If monitor amplifiers are also to be driven directly from the keyboard, the DI unit must have a passthrough connector. Alternatively, take a signal from the amplifier instead, see below.

Suitable units:
Passive balun type

Electric guitar
A DI can be used to take a line in from an electric guitar. When dealing with electric guitars and electric guitar amplifiers, better results will often (not always) be obtained by instead using a microphone in front of the loudspeaker. This is because the tone of the guitar is often shaped by the amplifier and speaker used in the setup.

A DI in the chain before the speaker or amplifier will often result in a loss of fullness or pleasant tone. Using a microphone eliminates hum from ground loops which are often troublesome when using DI units with mains-powered amplifiers. But a microphone will of course pick up background noise which a DI connection will not, and will most often be more susceptible to feedback in live situations.

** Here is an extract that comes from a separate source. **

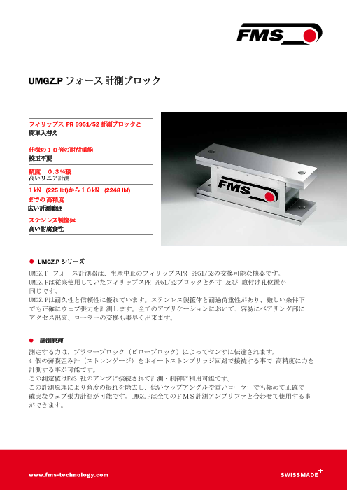 FMS社では紙・フィルム・シート等コンバージョン産業用としてベアリング付ロードセルを始め、種々の張力計測器、アンプリファと正確な位置決めを行えるウェブガイドを製造し...

If an electric guitar is to be connected to a DI and an amplifier is to be connected as well, then the DI unit must have a passthrough connector. Alternatively take a signal from the amplifier, see below. For players using effects (including distortion) built in to their amplifiers, this is the only option, otherwise the contribution of these effects will be lost.

If a passthrough is used, normally the DI unit is between any effects units and the amplifier for the same reason.

Suitable units:
Passive balun type

Electric bass guitar/Acoustic guitar
When dealing with electric bass or acoustic guitar, a DI is most often preferrable to using a microphone on an amplifier. This is because these instruments are often valued in a mix for being clean.

The signal path from the instrument should go into the DI unit and should then pass through to any sort of instrument amplifier. Often any amp used in this setup would be for monitoring purposes only, with the major component of the sound coming from the balanced send of the DI. The DI should be chosen with the specifications of the individual instrument in mind.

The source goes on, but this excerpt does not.